### Required action
For the data below, retype word for word the lines from the one containing "그러나 감소추세를 보였던" through the one containing "手机监控位置要求如下:将智能"; drop the pictures.

Records contained in a dataset:
Start of Block

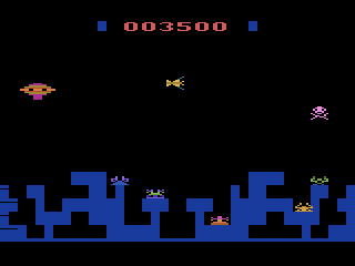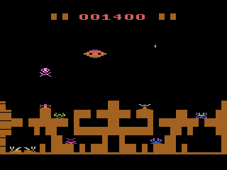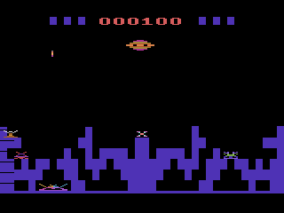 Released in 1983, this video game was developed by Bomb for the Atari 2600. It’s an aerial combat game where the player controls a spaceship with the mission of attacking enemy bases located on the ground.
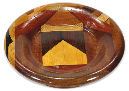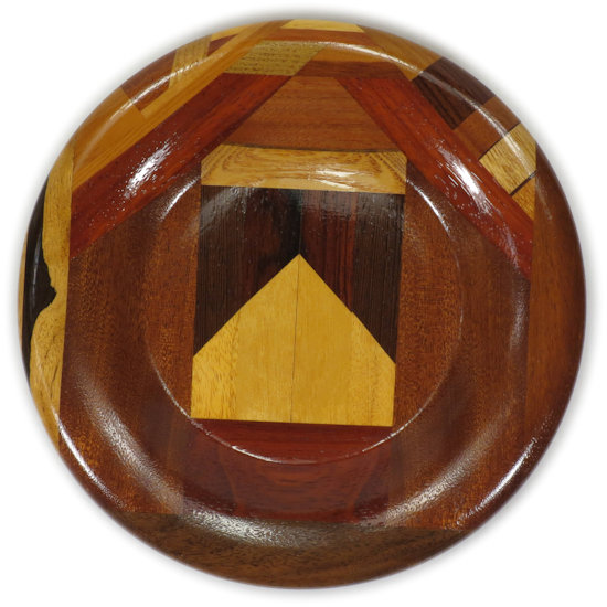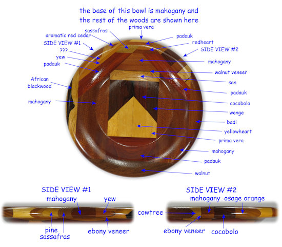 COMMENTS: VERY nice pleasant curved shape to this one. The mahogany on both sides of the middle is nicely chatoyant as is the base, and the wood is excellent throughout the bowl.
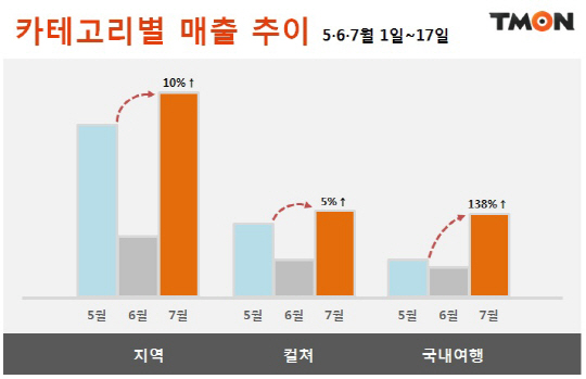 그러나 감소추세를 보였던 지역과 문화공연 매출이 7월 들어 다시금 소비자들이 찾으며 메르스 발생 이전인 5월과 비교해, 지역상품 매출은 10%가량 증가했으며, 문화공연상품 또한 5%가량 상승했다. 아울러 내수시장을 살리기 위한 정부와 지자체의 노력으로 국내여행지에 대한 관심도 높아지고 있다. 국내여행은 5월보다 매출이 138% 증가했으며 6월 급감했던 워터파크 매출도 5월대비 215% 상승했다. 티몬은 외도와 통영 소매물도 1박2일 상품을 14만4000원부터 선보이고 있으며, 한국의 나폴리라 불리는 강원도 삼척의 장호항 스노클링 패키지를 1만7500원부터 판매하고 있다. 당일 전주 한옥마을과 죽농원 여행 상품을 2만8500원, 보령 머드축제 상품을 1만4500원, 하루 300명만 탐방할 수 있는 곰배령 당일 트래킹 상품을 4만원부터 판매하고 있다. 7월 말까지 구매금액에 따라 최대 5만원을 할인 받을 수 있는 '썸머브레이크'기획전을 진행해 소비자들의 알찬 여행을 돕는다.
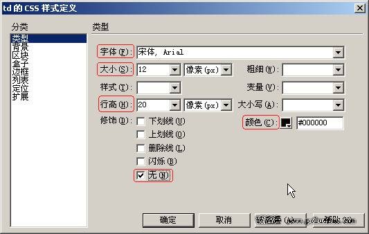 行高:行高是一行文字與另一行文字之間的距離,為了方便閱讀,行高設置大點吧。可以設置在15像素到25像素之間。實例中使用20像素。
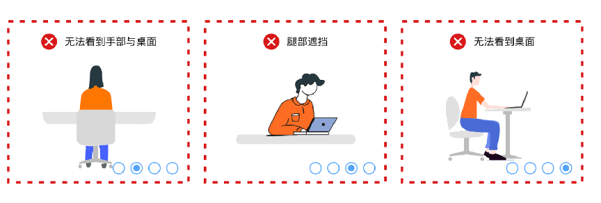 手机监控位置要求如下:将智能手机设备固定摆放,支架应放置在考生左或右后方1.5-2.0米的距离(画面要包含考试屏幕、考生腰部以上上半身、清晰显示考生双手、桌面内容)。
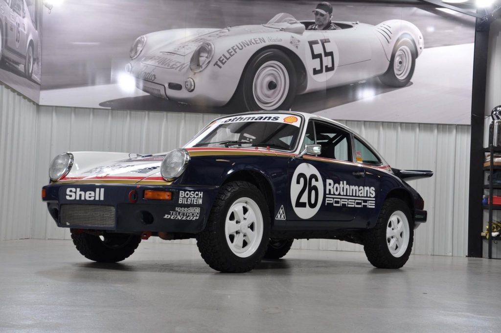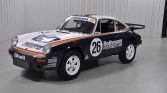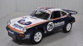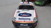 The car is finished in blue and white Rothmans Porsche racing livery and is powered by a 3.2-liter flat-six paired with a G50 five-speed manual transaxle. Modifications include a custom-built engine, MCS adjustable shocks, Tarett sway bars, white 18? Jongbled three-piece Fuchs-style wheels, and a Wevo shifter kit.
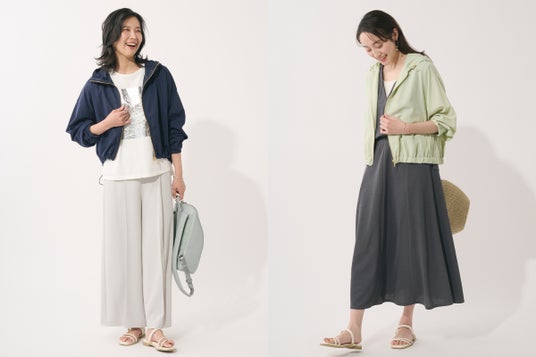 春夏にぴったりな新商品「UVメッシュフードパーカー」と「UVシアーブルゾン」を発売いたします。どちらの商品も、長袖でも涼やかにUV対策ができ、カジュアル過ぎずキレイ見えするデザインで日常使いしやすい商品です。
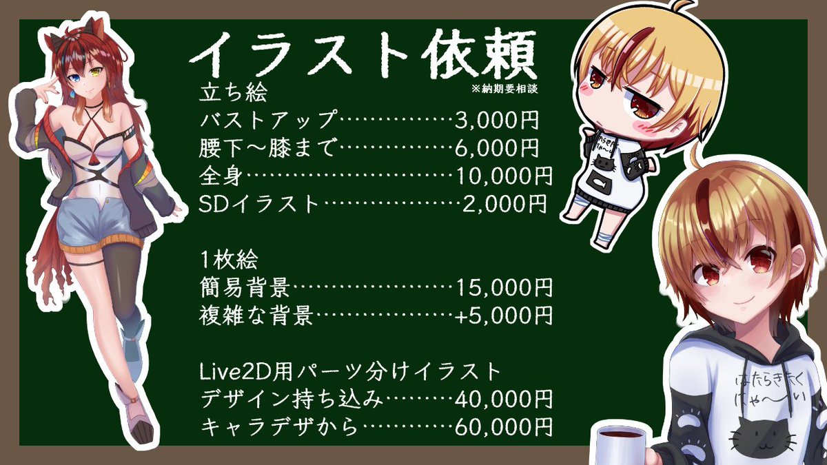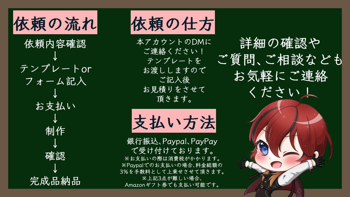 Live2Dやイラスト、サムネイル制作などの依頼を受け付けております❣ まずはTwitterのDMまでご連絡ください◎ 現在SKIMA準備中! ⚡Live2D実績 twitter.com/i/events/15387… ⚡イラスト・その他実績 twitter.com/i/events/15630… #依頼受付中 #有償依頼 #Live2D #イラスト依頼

End of Block

### Exercise result
 그러나 감소추세를 보였던 지역과 문화공연 매출이 7월 들어 다시금 소비자들이 찾으며 메르스 발생 이전인 5월과 비교해, 지역상품 매출은 10%가량 증가했으며, 문화공연상품 또한 5%가량 상승했다. 아울러 내수시장을 살리기 위한 정부와 지자체의 노력으로 국내여행지에 대한 관심도 높아지고 있다. 국내여행은 5월보다 매출이 138% 증가했으며 6월 급감했던 워터파크 매출도 5월대비 215% 상승했다. 티몬은 외도와 통영 소매물도 1박2일 상품을 14만4000원부터 선보이고 있으며, 한국의 나폴리라 불리는 강원도 삼척의 장호항 스노클링 패키지를 1만7500원부터 판매하고 있다. 당일 전주 한옥마을과 죽농원 여행 상품을 2만8500원, 보령 머드축제 상품을 1만4500원, 하루 300명만 탐방할 수 있는 곰배령 당일 트래킹 상품을 4만원부터 판매하고 있다. 7월 말까지 구매금액에 따라 최대 5만원을 할인 받을 수 있는 '썸머브레이크'기획전을 진행해 소비자들의 알찬 여행을 돕는다.
 行高:行高是一行文字與另一行文字之間的距離,為了方便閱讀,行高設置大點吧。可以設置在15像素到25像素之間。實例中使用20像素。
 手机监控位置要求如下:将智能手机设备固定摆放,支架应放置在考生左或右后方1.5-2.0米的距离(画面要包含考试屏幕、考生腰部以上上半身、清晰显示考生双手、桌面内容)。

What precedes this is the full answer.